In the same vein, Pawlak and colleagues advise health system leaders to build out ambulatory and home-based care capabilities to complement “hospital without walls” efforts during the pandemic.

“Health systems should seize this moment to rethink their care delivery models by developing and expanding clinical services on a distributed basis and in the home. In doing so, health systems should challenge themselves to seamlessly integrate these services into existing facility-based service portfolios to ensure that the resulting system of care is greater than its component parts,” Pawlak et al. wrote in the report.

This next-generation system of care delivery will be key to financial stability post-pandemic. However, policy and regulation, particularly around reimbursement, will be crucial to operationalize a healthcare system that aligns with new patient demands.

“An ongoing conversation about payment reform is going to be important,” Pawlak stated.

“When you have an encounter-based payment model that strongly favors procedures, when you need complex care in the inpatient setting, well the system, from a payment perspective, isn’t flexible enough,” Pawlak explained. “As we go forward, you don’t want the whole health system to be contingent on whether you’re doing a whole bunch of expensive, inpatient procedures. We want to foster minimally invasive, outpatient interventions, which is better for everybody.
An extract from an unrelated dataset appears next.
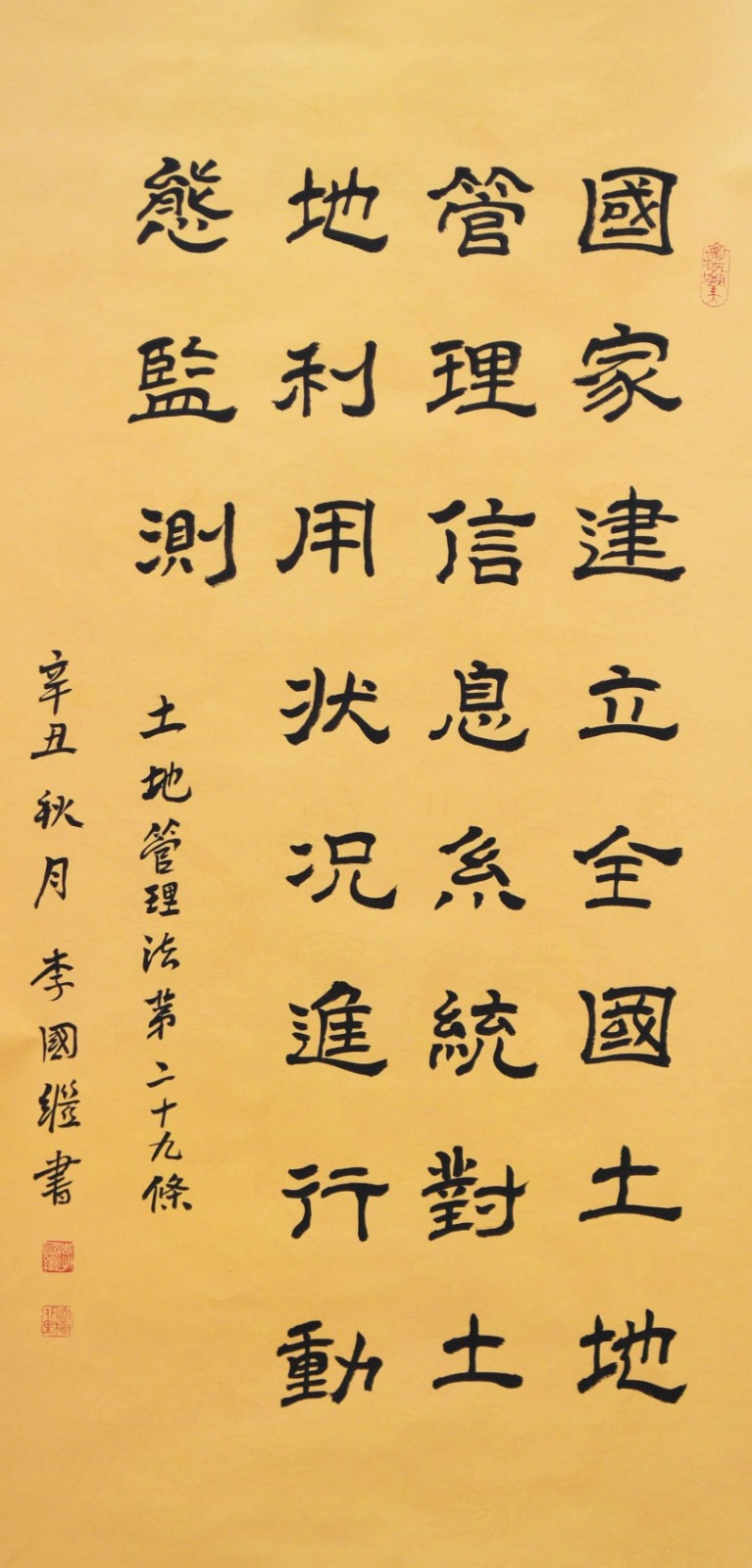 繼1600余位書法家參與書寫《中華人民共和國民法典》全部1260條法條之后,法治日?qǐng)?bào)社聯(lián)合自然資源部法規(guī)司、自然資源部書畫研究會(huì)和北京昌平書法家協(xié)會(huì),將筆端對(duì)準(zhǔn)土地管理“一法一條例”,即《中華人民共和國土地管理法》和《中華人民共和國土地管理法實(shí)施條例》。

We’ve all known the balance has been wrong for a while, but it really brings it to the forefront.”

Preliminary research has already shown that providers engaging in alternatives to encounter-based payments had a head start with managing the COVID-19 surge by leveraging triage call centers, remote patient monitoring, and population health data management more than their peers in the more traditional model.

Anecdotally, providers in value-based contracts have also said they were able to more quickly pivot operations at the start of the pandemic by relying on a more predictable and flexible source of revenue in the face of falling volumes.
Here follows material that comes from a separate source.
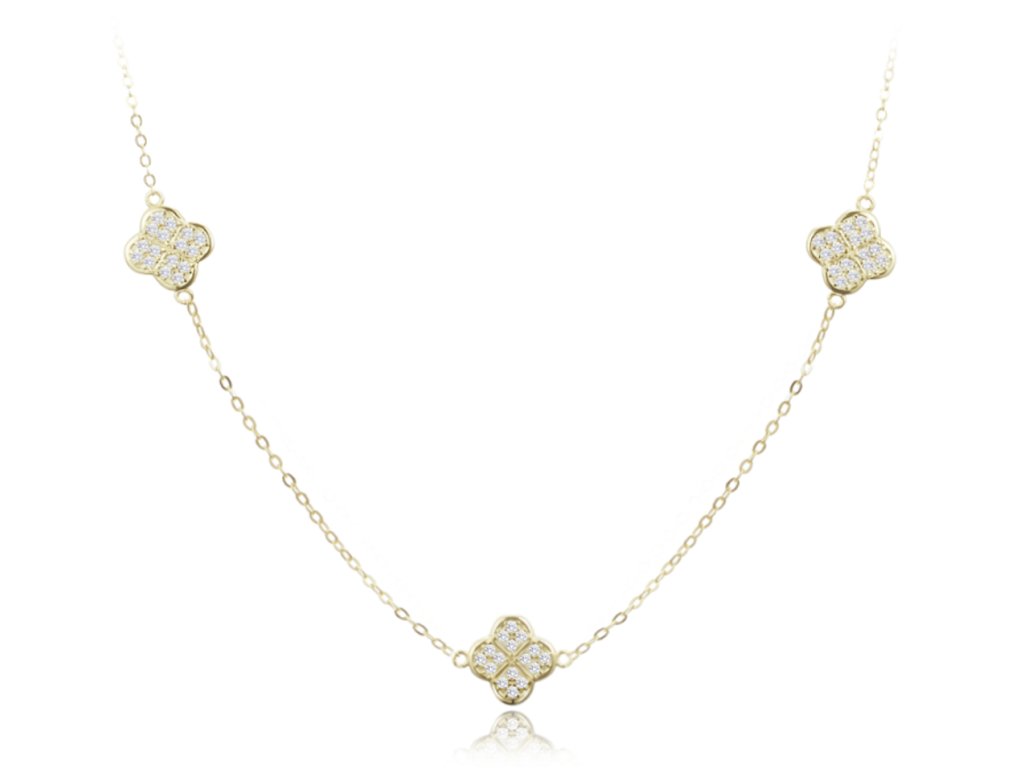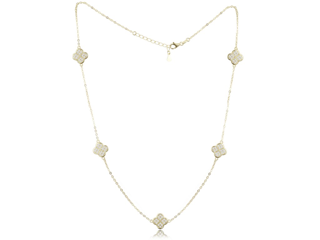 MINET Pozlacený stříbrný náhrdelník čtyřlístky s bílými zirkony

“Greater predictability is very aligned with value-based care, and moving away from encounter-based or transactional care will actually give greater accountability to physicians managing panels and populations,” explained Sanjay Doddamani, MD, chief physician executive and COO at Southwestern Health Resources.

But the next generation healthcare delivery system does not need to rely on value-based contracting, Pawlak maintained.
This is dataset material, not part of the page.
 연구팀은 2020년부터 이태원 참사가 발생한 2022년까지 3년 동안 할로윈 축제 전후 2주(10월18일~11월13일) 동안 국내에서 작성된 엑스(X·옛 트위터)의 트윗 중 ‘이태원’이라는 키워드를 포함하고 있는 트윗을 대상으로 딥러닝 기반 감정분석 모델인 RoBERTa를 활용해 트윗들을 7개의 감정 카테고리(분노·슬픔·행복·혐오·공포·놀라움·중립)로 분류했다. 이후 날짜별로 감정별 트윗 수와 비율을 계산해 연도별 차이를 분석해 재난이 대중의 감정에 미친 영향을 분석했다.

“I would say broader payment reform because there is a preconceived notion that value-based payment or contracting means one swimming lane and it’s really not,” Pawlak stated. “It’s that broader universe of organizing payment around care management support services, population health services, and delivering care in the right way to the patient at the right time.”

Getting healthcare right – the right care at the right time in the right setting – has been a goal for many providers for the last decade, if not longer. Many would argue that most providers have yet to achieve this type of care, but COVID-19 is putting pressure on healthcare organizations.

The healthcare system was stretched thin from the pandemic and the road to revenue cycle recovery will be a long one. Telehealth, patient-friendly collections, and a focus on financial resiliency can be the shot in the arm healthcare organizations need to overcome the financial challenges of COVID-19 and other possible waves or crises.